POWIAT – Jeżdżę często rowerem ścieżką wzdłuż ul. Chyliczkowskiej w kierunku Pólka – opowiada pan Roman, nasz czytelnik. – Po twarzy smagają mnie gałęzie rosnących przy drodze drzew. Nie rozumiem, dlaczego nikt ich nie przycina…
Nasz czytelnik zwraca uwagę, że w Piasecznie i jego najbliższych okolicach cały czas przybywa nowych chodników i tras dla rowerzystów.
– Ta wzdłuż Chyliczkowskiej też powstała stosunkowo niedawno – dodaje. – Szkoda tylko, że nikt później o tę infrastrukturę nie dba. Na ścieżkę „wychodzą” gałęzie drzew. Trzeba opuszczać głowę, aby o nie nie zawadzić lub jechać skrajem ciągu. Nie tak to powinno wyglądać…
Mężczyzna zwraca też uwagę na porastające brzeg ścieżki chwasty.
– Czy naprawdę przynajmniej raz do roku nie można ich usunąć lub opryskać? – dziwi się. Okazuje się, że tego typu problemy występują nie tylko w rejonie Pólka. Podobnie zarośnięty gałęziami jest choćby chodnik wzdłuż ul. Leśnej w Łoziskach (w rejonie nowego ronda). Z kolej ścieżka pieszo-rowerowa ciągnąca się wzdłuż Postępu od zimy jest pokryta piaskiem, używanym do walki z oblodzeniami. Na problem ten zwracaliśmy już uwagę, ale jak do tej pory ani zarządca drogi, którym jest powiat piaseczyński, ani nikt inny się nim nie zajął.
TW
„Z kolej ścieżka pieszo-rowerowa”
Nie ma czegoś takiego jak ścieżka pieszo-rowerowa. Przepisy ruchu drogowego do ręki i prosze sprawdzić. Jest chodnik, albo ścieżka rowerowa. Ścieżka pieszo rowerowa To wymysł pseudodrziennikarzy którzy próbują usprawiedliwić nieudolność twórców tych bubli.

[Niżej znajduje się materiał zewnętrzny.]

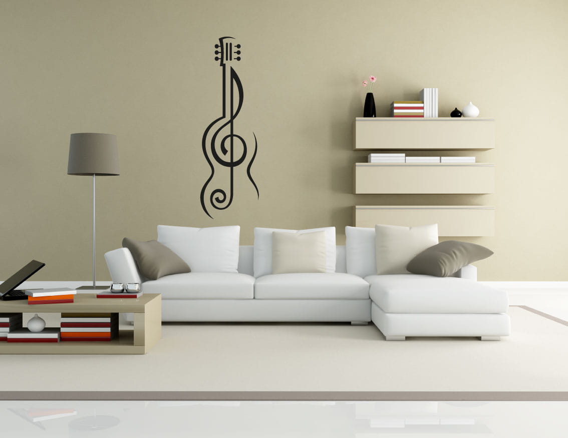 Uwielbiasz akustyczne dźwięki? Muzyka to całe Twoje życie? Naklejka ścienna Gitara będzie doskonałą ozdobą Twojego wnętrza. Wybierz odpowiedni kolor, rozmiar oraz miejsce aplikacji, a potem już tylko ciesz się metamorfozą swojego wnetrza.
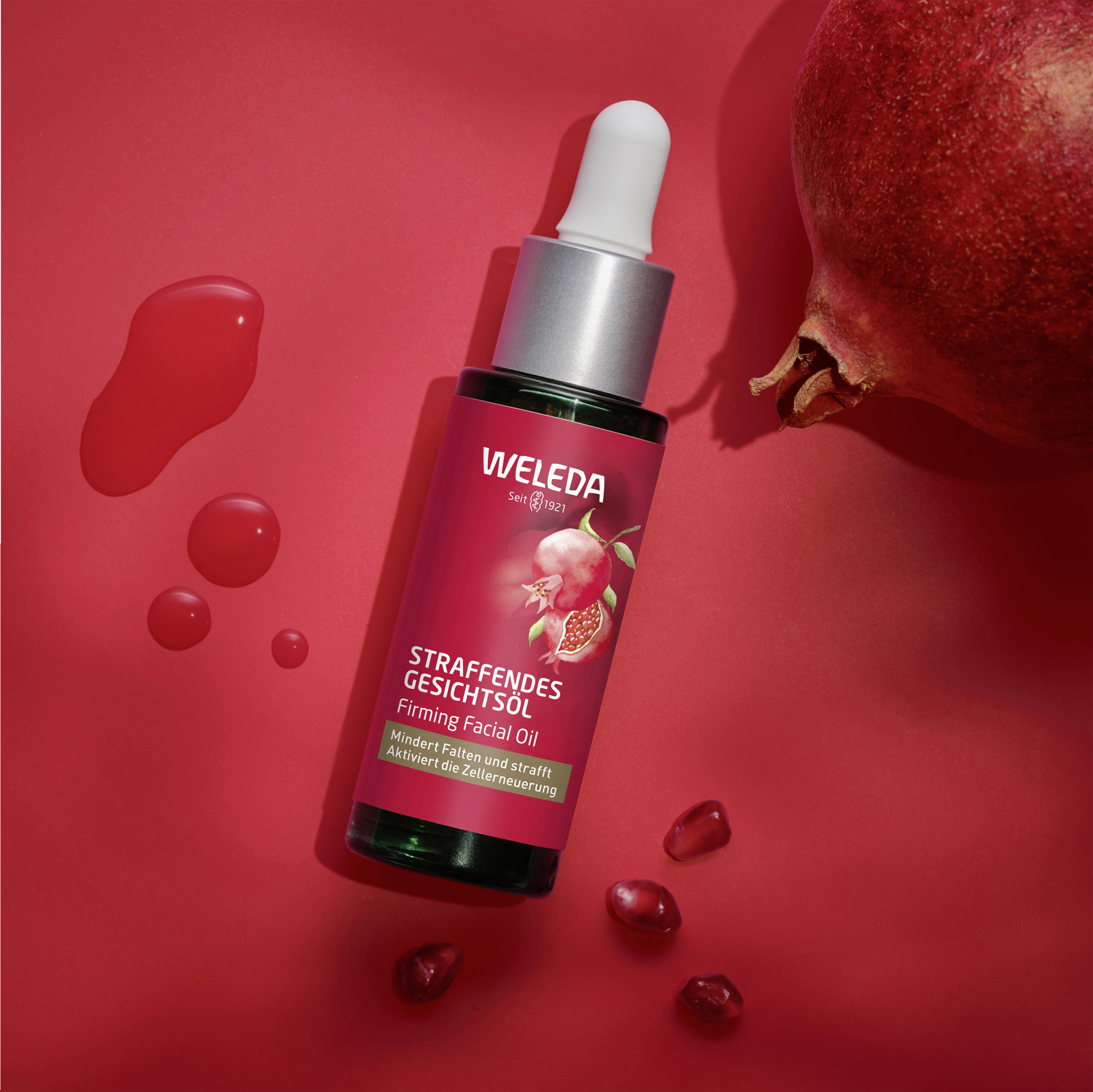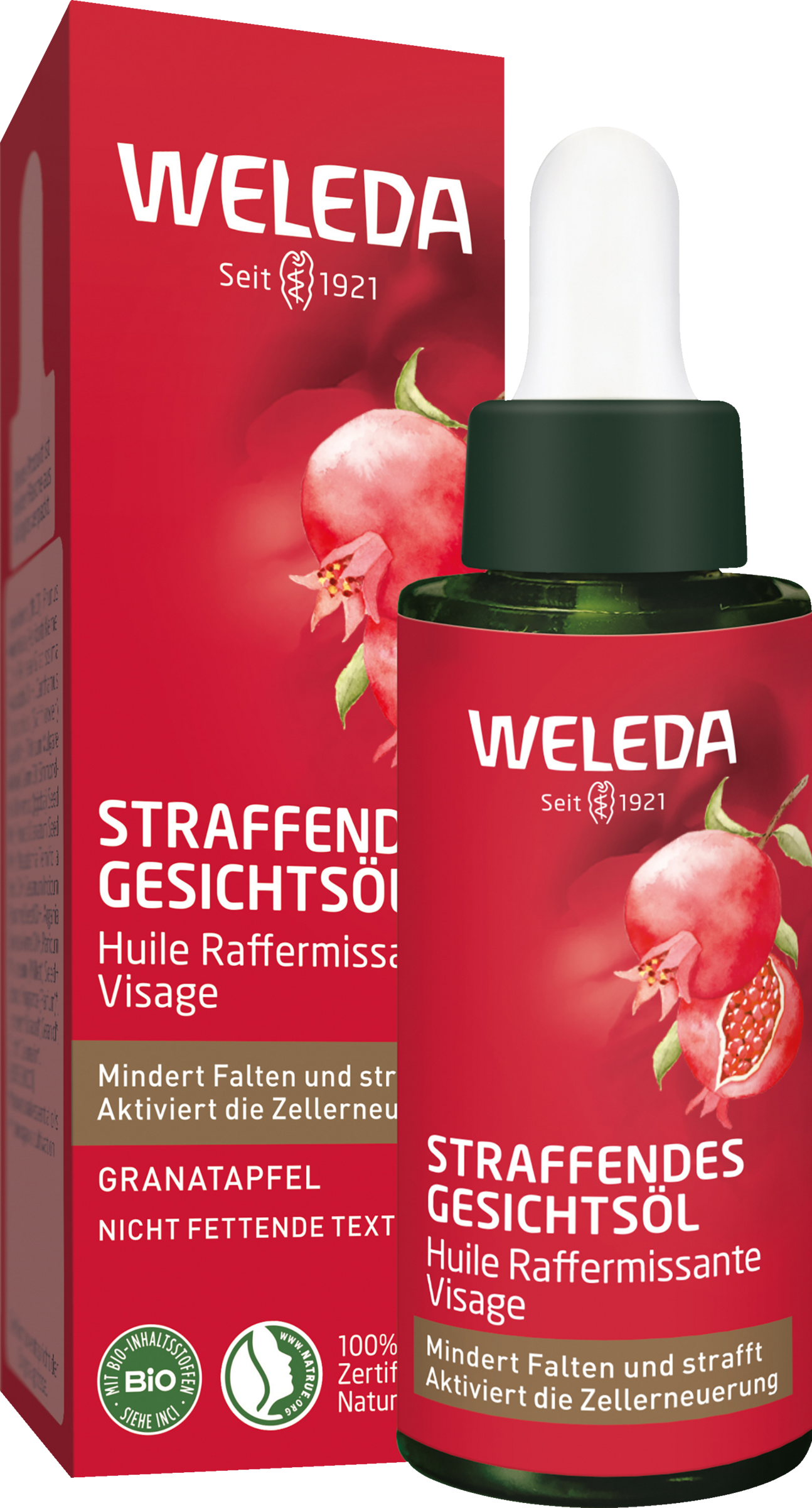 Let Formel med otte rige Bio planteolier, såsom granatæble, avocado og Arganolie. Intensivt nærer huden, forbedrer dens elasticitet og understøtter cellefornyelsen. Til en skinnende hud fuld af energi. Hudkompatibiliteten er klinisk og dermatologisk bekræftet.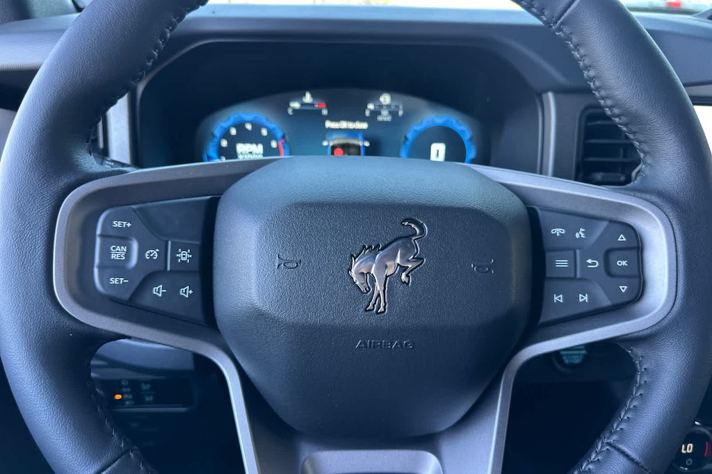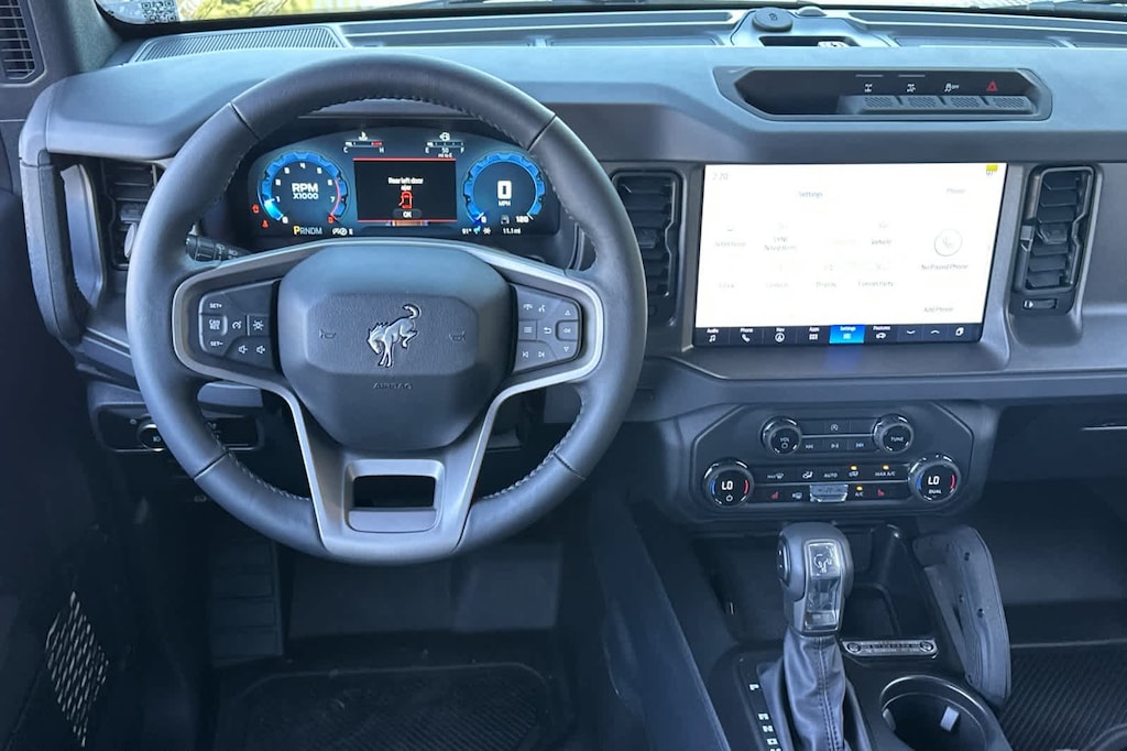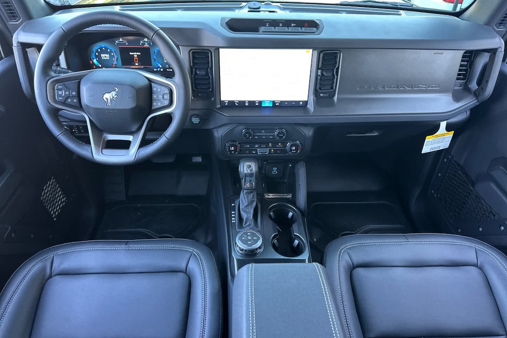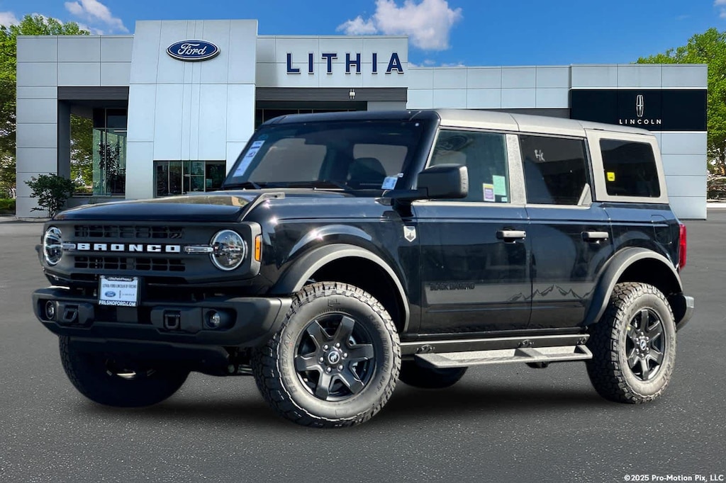 Lithia Ford and Lincoln of Fresno is pleased to offer this Shadow Black 2025 Ford Bronco Big Bend for purchase, this vehicle is well equipped with many features including: 4-Wheel Disc Brakes, 4.46 Axle Ratio, 7 Speakers, ABS brakes, Air Conditioning, Alloy wheels, AM/FM radio: SiriusXM with 360L, AM/FM Stereo, Auto High-beam Headlights, Brake assist, Cloth Bucket Seats, Compass, Delay-off headlights, Driver door bin, Driver vanity mirror, Dual front impact airbags, Dual front side impact airbags, Electronic Stability Control, Emergency communication system: 911 Assist, Exterior Parking Camera Rear, Front anti-roll bar, Front Bucket Seats, Front Center Armrest, Front reading lights, Front wheel independent suspension, Fully automatic headlights, Heated door mirrors, Illuminated entry, Integrated roll-over protection, Leather Shift Knob, Low tire pressure warning, Occupant sensing airbag, Outside temperature display, Overhead airbag, Overhead console, Panic alarm, Passenger door bin, Passenger vanity mirror, Power door mirrors, Power steering, Power windows, Radio data system, Remote keyless entry, Security system, SiriusXM w/360L, Speed control, Split folding rear seat, Steering wheel mounted audio controls, SYNC 4, Tachometer, Telescoping steering wheel, Tilt steering wheel, Traction control, Trip computer, Variably intermittent wipers, and Wheels: 17 Carbonized Gray-Painted Aluminum. 4WD 10-Speed Automatic 2.3L EcoBoost I-4 Big Bend

Każdy cyklista winien posiadać przy sobie sekator. Po odczuciu ze gałąź smagnęła dowolną część ciała cyklisty, nalezy się zatrzymać, cofnąć w tył i przedmiotową gałąź posiadanym sekatorem przyciąć. Daje tym cyklista świadectwo postawy obywatelskiej i troski o wspólne dobro. Bowiem władze lokalne nie mają fizycznej mozliwości zajmować sie wszystkimi problemami trapiącymi mieszkańców. Oddolne inicjatywy są bardzo cenne i kształtują pożądane wzorce obywatelskie.